Israel to Sign Bilateral Agreement With Ukraine to Promote Foreign Workers

President of Ukraine Petro Poroshenko (C), Israeli President Reuven Rivlin, (L) and MK Zeev Elkin (R) at a special plenary session in honor of the Ukrainian President's official visit to Israel, at the Knesset, Wednesday. Elkin was born in Kharkiv, Ukraine. (Hadas Parush/Flash90)
President of Ukraine Petro Poroshenko (C), Israel President Reuven Rivlin, (L) and MK Ze’ev Elkin (R) at a special plenary session in honor of the Ukrainian President’s official visit to Israel, at the Knesset, in 2015. (Hadas Parush/Flash90)

An Israeli delegation from the Center for International Migration and Integration (CIMI) left for Ukraine on Sunday in order to expedite bringing more laborers to Israel. This is part of the framework of a bilateral agreement signed by Israel and Ukraine intended to enable the arrival of thousands of much-needed construction workers to Israel in a legal and authorized manner.

Recent statistics show that in Israel there are currently 81,500 legal foreign workers, most of them – 48,000 – in the caregiving field. There are an additional 21,000 working in agriculture and 8,200 who work in construction.

This agreement with Ukraine joins the series of bilateral agreements between Israel and other countries that enable workers to enter the workforce without a go-between and is meant to prevent human trafficking, a global epidemic.

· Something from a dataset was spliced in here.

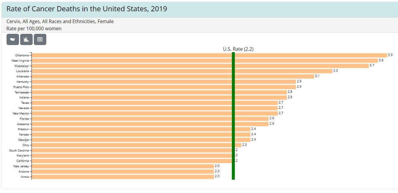 In Oklahoma, the rate of cervical cancer is the highest in the nation. According to the CDC and the Oklahoma State Department of Health, as of 2019, the state's cervical cancer incidence rate is 10.3 per 100,000 women, compared to the national average of 7.5 per 100,000 women.

Yossi Edelstein, director of the Foreign Workers’ Enforcement Unit, said there are 148,000 illegal aliens in Israel, including some 91,000 tourists whose visas have expired, 41,477 asylum seekers – most from Eritrea and Sudan, and 15,280 illegal workers. He noted that the number of those refused entry to Israel from the former Soviet Union has doubled in recent years.

Gideon Cohen, the head of the government’s unit for promoting voluntary departure of migrant workers stated that in the past three years 15,086 illegals left Israel of their own accord, 2,679 in 2016, 3,381 in 2015 and 6,414 in 2014. The vast majority returned to their country of origin and only 3,500 moved to other countries. He said that Israeli representatives supervise and monitor what happens after these workers return to their home country.

Founder and Chairman of the CIMI Board, Arnon Mantver, stated that bilateral agreements are crucial for preventing human trafficking.

He noted that each of the types of labor attracts workers from specific countries. Most construction workers are Chinese (3,284) or Moldavian (2,099). Agriculture work attracts Thais (21,034) while caregivers come from several countries, including the Philippines (15,200), India (9,998), Moldova (7,765), Sri Lanka (5,061) and Nepal (3,052).